REQUIRED WORK »
Print the listing below exactly, minus its pictures.

DATA BLOCK »
++++++
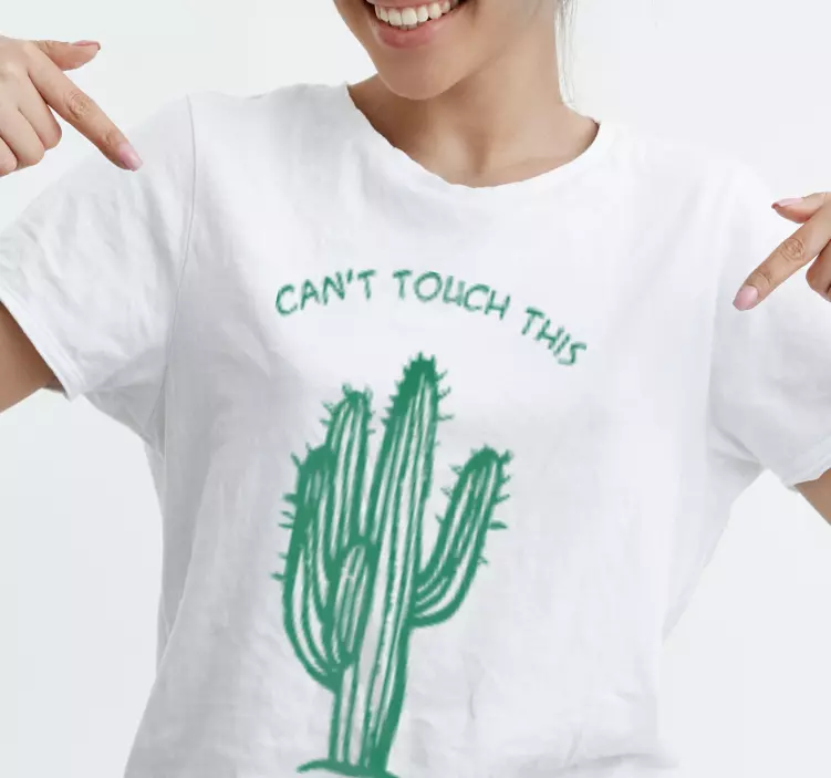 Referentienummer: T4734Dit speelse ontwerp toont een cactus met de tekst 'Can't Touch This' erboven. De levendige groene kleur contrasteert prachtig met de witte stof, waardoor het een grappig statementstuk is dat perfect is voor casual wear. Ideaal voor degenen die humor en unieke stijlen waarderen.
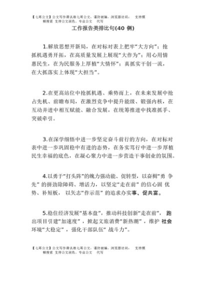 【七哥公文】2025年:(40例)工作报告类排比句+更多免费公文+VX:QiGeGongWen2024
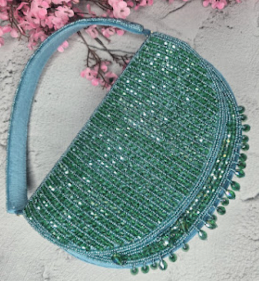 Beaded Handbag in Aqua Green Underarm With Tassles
++++++
ANSWER BOX »
 Referentienummer: T4734Dit speelse ontwerp toont een cactus met de tekst 'Can't Touch This' erboven. De levendige groene kleur contrasteert prachtig met de witte stof, waardoor het een grappig statementstuk is dat perfect is voor casual wear. Ideaal voor degenen die humor en unieke stijlen waarderen.
 【七哥公文】2025年:(40例)工作报告类排比句+更多免费公文+VX:QiGeGongWen2024
 Beaded Handbag in Aqua Green Underarm With Tassles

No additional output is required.